▶ **ENTRIES SUPPLIED**:

--------------------------------------------------

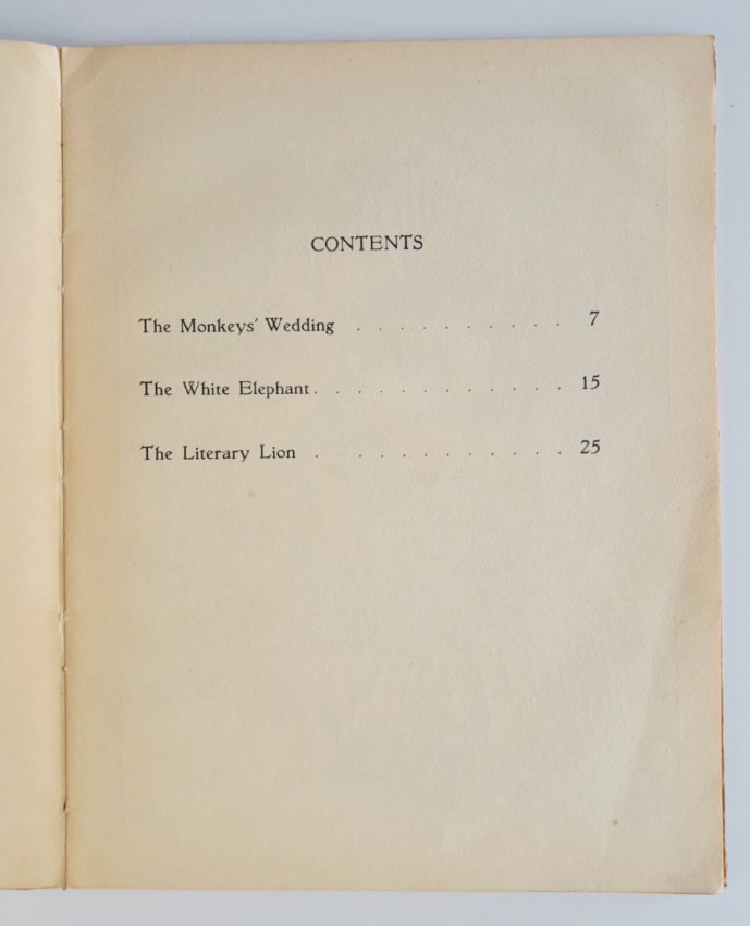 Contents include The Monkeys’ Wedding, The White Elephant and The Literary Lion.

--------------------------------------------------

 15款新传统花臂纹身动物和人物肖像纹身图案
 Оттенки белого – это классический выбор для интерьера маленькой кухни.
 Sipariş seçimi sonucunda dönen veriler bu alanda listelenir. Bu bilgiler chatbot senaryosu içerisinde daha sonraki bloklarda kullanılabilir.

--------------------------------------------------

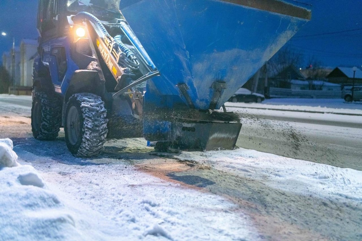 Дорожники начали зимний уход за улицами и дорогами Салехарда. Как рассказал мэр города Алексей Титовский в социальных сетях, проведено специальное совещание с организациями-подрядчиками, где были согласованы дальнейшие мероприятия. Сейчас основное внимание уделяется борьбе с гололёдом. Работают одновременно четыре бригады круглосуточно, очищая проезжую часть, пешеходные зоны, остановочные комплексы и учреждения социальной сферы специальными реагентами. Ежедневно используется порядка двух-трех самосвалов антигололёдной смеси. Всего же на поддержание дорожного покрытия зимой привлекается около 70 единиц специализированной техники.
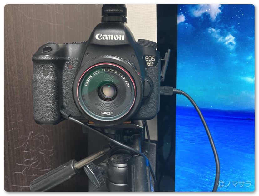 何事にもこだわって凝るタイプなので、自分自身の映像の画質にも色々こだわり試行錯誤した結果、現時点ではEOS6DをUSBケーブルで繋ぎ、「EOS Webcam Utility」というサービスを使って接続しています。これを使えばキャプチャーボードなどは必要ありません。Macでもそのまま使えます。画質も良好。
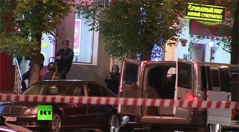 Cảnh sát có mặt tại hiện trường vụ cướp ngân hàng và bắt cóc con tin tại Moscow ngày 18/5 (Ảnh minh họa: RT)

--------------------------------------------------

▶ **EXERCISE REQUIREMENTS**: Write down exactly the span of lines above from the one containing "Оттенки белого –" to the one containing "Sipariş seçimi sonucunda", both ends included.

▶ **RESULT FOR THIS TASK**:
 Оттенки белого – это классический выбор для интерьера маленькой кухни.
 Sipariş seçimi sonucunda dönen veriler bu alanda listelenir. Bu bilgiler chatbot senaryosu içerisinde daha sonraki bloklarda kullanılabilir.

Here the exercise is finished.